"""
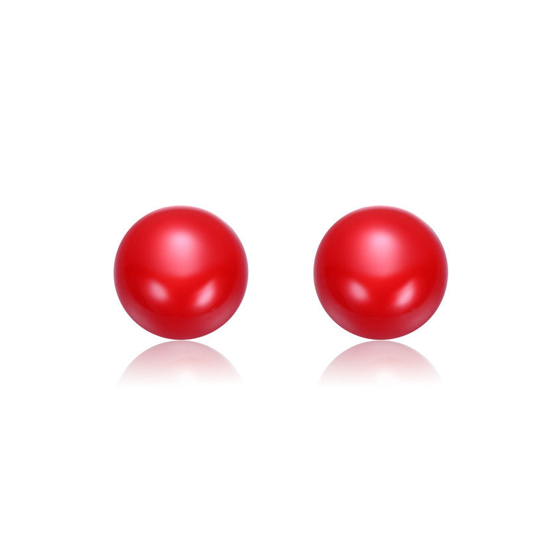 14k Yellow Gold Plated Stud Earrings with Red Enamel Round Pearl for Kids
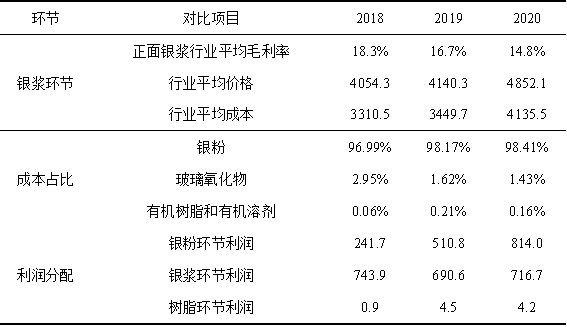 银浆产业链包括银粉生产(白银现货—银粉)环节,其他辅材(玻璃粉—树脂)环节和银浆加工环节。其中,银粉对于光伏银浆的产品性能至关重要且在生产成本中占比超过9成,毫无疑问是光伏银浆产业链上最核心的环节。
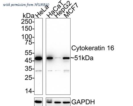 Western blot analysis of Cytokeratin 16 on different lysates with Rabbit anti-Cytokeratin 16 antibody (ET1610-17) at 1/1,000 dilution.
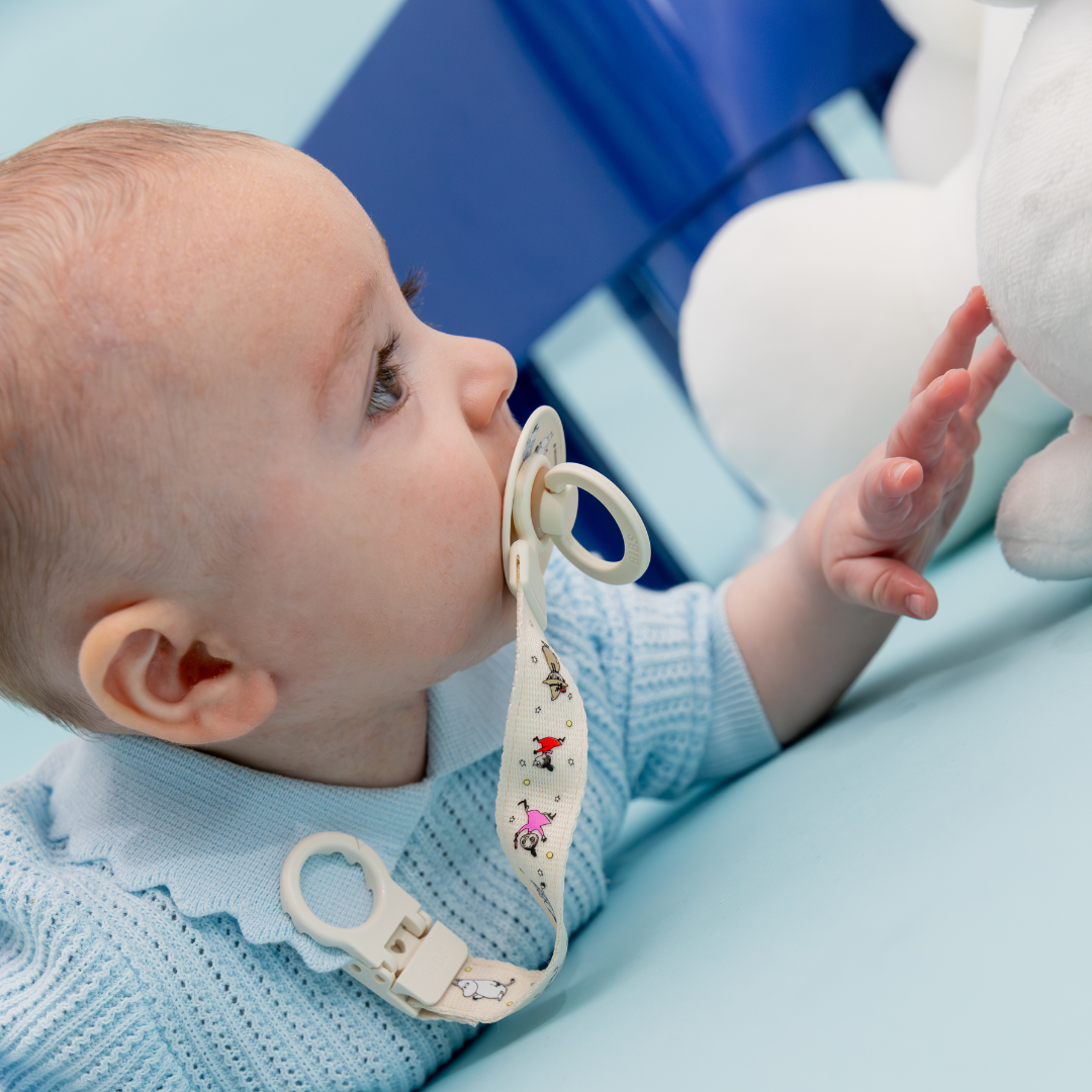 Az egykezes csatolás gyors és kényelmes, így pillanatok alatt biztonságosan rögzíthető. A vékony, letisztult forma nem zavarja a babát, a rugalmas szilikon gyűrű pedig minden BIBS cumival kompatibilis.
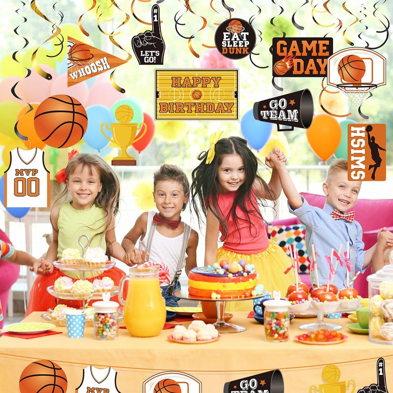- Basketball birthday party design: the basketball party foil swirl decorations kit uses three classic colors of black orange white with ample patterns printed on both sides; Featuring cutouts of the basketball jersey, basketball, trophy, finger and basketball hoop; If you are looking for basketball birthday party ideas or any basketball-themed competition party gifts for kids, teenagers, friends, and basketball fans, you should not miss these hanging swirls
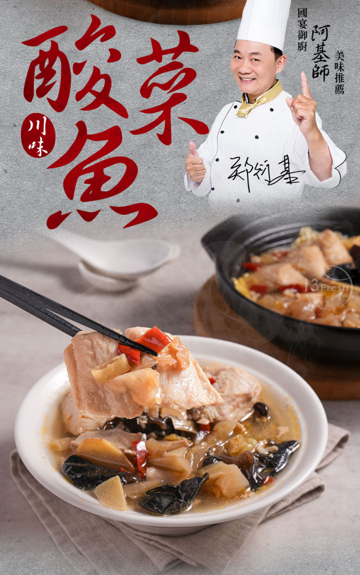 水、沙巴魚、酸菜(芥菜、鹽、水)、杏鮑菇、木耳、大豆沙拉油、白醋(水、米、釀造酢、果糖)、辣油(大豆油、辣椒粉、辣椒萃取物、辣椒紅色素)、蒜仁、薑、泡椒、花椒、朝天椒、鹽、二砂、大骨風味高湯粉【鹽、L-麩酸鈉、麥芽糊精、糖、玉米澱粉、香料、棕櫚油(棕櫚油、硬質棕櫚油)、酵母萃取物 (酵母萃取物、鹽)、豬肉粉 [豬肉(台灣)、鹽、多磷酸鈉、複合調味劑(乳糖、DL-胺基丙酸、調味劑( 5'-次黃嘌呤核苷磷酸二鈉、5'-鳥嘌呤核苷磷酸二鈉)、胺基乙酸、琥珀酸二鈉、檸檬酸鈉)、糖、維生素E (抗氧化劑)]、洋蔥粉、5'-次黃嘌呤核苷磷酸二鈉、5'-鳥嘌呤核苷磷酸二鈉、明膠、白胡椒】 過敏源:本產品含有魚類、大豆、麩質穀物和奶類製品之成分,不適合對其過敏體質者食用。
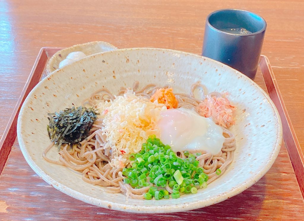冷たいおそばのメニューは、漆器に盛り付けられた出雲そば定番の 「 割子そば 」 の他にさまざまなトッピングがされているおそばがあります。
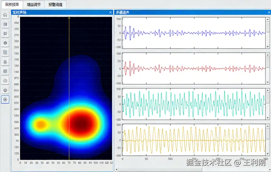- 声学成像模块:嵌入延迟求和波束形成算法,完成声源定位、声场强度计算与图像合成,通过 Alpha 透明算法实现声像叠加显示。
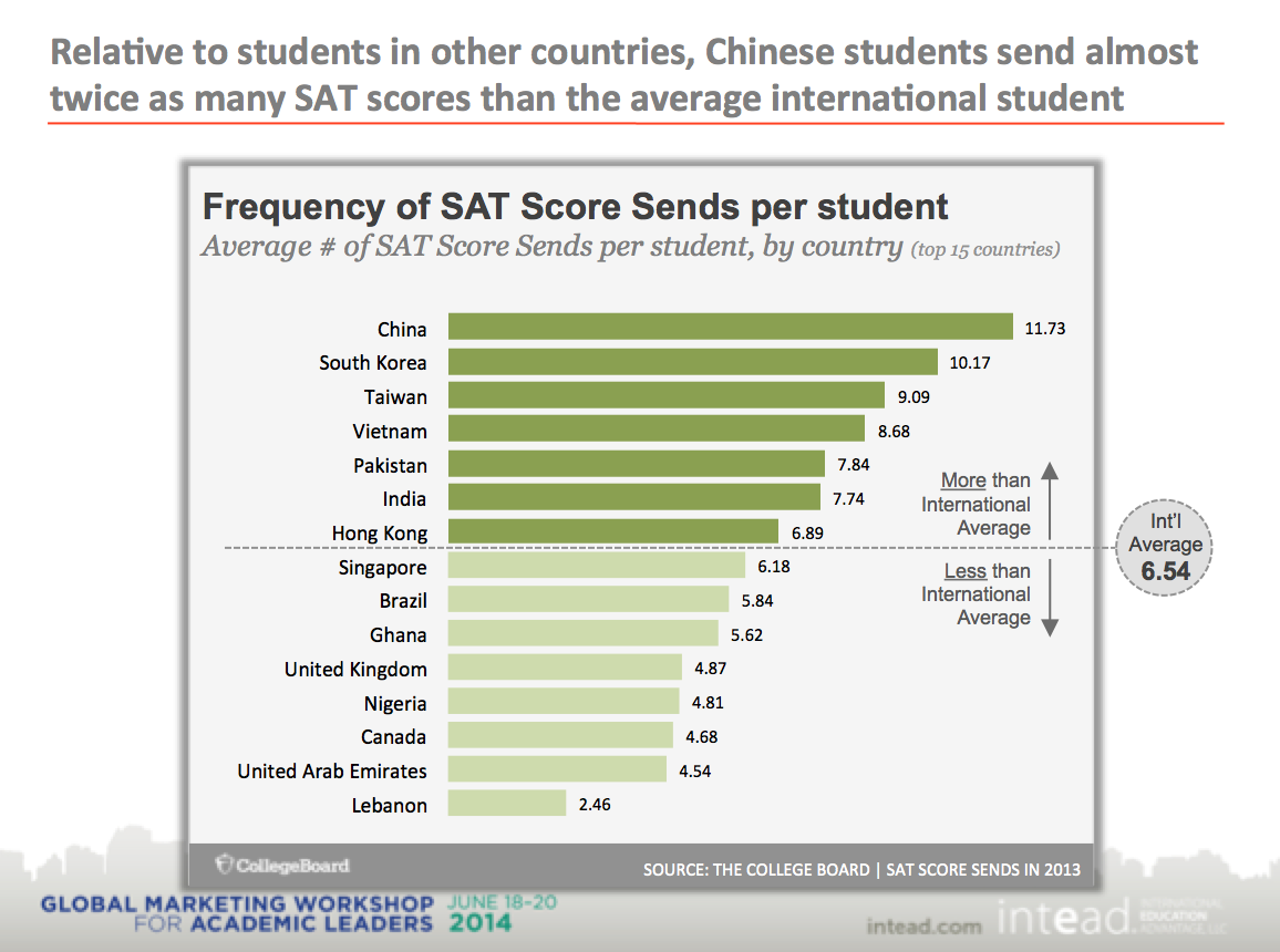 Chinese students submit their SAT scores to twice as many colleges than international students from other countries. What does that mean for your yield enrollment marketing and your yield projections?
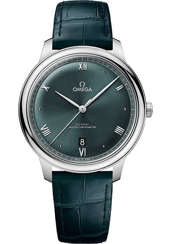 40 mm steel case, transparent back, domed scratch-resistant sapphire crystal with anti-reflective treatment inside, domed pvd pine green dial with a sun-brushed finish, Omega 8800 self-winding chronometer movement with date, pine green leather strap. Water resistant to 30 metres (100 feet).
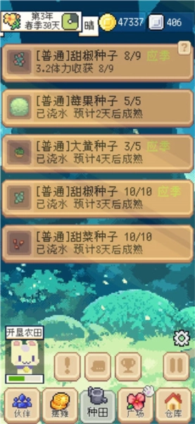 《种田高手》最新版本是一款趣味性十足且拥有精美像素画面的模拟类游戏。游戏内包含诸多有趣内容,玩家能够在此直接迅速开启游戏体验。在《种田高手》安卓版里,玩家将化身为农场主,肩负起经营个人农场的重任。通过种植各类农作物、开展养殖活动以及销售农产品,逐步发展并壮大自身事业。在此过程中,玩家需要精心规划农场布局,挑选适宜的作物与养殖品种,合理安排生产时间与资源,以此提升农产品的质量与产量。
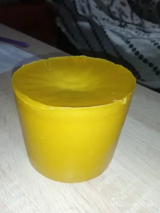 Bloque de cera de abeja natural de nuestro propio colmenar de 850 gramos. Ideal para velas, manualidades, cosmética, etc Ahorra en costes de envío al no llegar al kilo de peso!!
"""
## PROBLEM DETAILS
Each line from the start of the entries above through the line with "冷たいおそばのメニューは、漆器に盛り付けられた出雲そば定番の 「 割子そば" should be duplicated exactly, leaving out the pictures.

## ANSWER BELOW
 14k Yellow Gold Plated Stud Earrings with Red Enamel Round Pearl for Kids
 银浆产业链包括银粉生产(白银现货—银粉)环节,其他辅材(玻璃粉—树脂)环节和银浆加工环节。其中,银粉对于光伏银浆的产品性能至关重要且在生产成本中占比超过9成,毫无疑问是光伏银浆产业链上最核心的环节。
 Western blot analysis of Cytokeratin 16 on different lysates with Rabbit anti-Cytokeratin 16 antibody (ET1610-17) at 1/1,000 dilution.
 Az egykezes csatolás gyors és kényelmes, így pillanatok alatt biztonságosan rögzíthető. A vékony, letisztult forma nem zavarja a babát, a rugalmas szilikon gyűrű pedig minden BIBS cumival kompatibilis.
- Basketball birthday party design: the basketball party foil swirl decorations kit uses three classic colors of black orange white with ample patterns printed on both sides; Featuring cutouts of the basketball jersey, basketball, trophy, finger and basketball hoop; If you are looking for basketball birthday party ideas or any basketball-themed competition party gifts for kids, teenagers, friends, and basketball fans, you should not miss these hanging swirls
 水、沙巴魚、酸菜(芥菜、鹽、水)、杏鮑菇、木耳、大豆沙拉油、白醋(水、米、釀造酢、果糖)、辣油(大豆油、辣椒粉、辣椒萃取物、辣椒紅色素)、蒜仁、薑、泡椒、花椒、朝天椒、鹽、二砂、大骨風味高湯粉【鹽、L-麩酸鈉、麥芽糊精、糖、玉米澱粉、香料、棕櫚油(棕櫚油、硬質棕櫚油)、酵母萃取物 (酵母萃取物、鹽)、豬肉粉 [豬肉(台灣)、鹽、多磷酸鈉、複合調味劑(乳糖、DL-胺基丙酸、調味劑( 5'-次黃嘌呤核苷磷酸二鈉、5'-鳥嘌呤核苷磷酸二鈉)、胺基乙酸、琥珀酸二鈉、檸檬酸鈉)、糖、維生素E (抗氧化劑)]、洋蔥粉、5'-次黃嘌呤核苷磷酸二鈉、5'-鳥嘌呤核苷磷酸二鈉、明膠、白胡椒】 過敏源:本產品含有魚類、大豆、麩質穀物和奶類製品之成分,不適合對其過敏體質者食用。
冷たいおそばのメニューは、漆器に盛り付けられた出雲そば定番の 「 割子そば 」 の他にさまざまなトッピングがされているおそばがあります。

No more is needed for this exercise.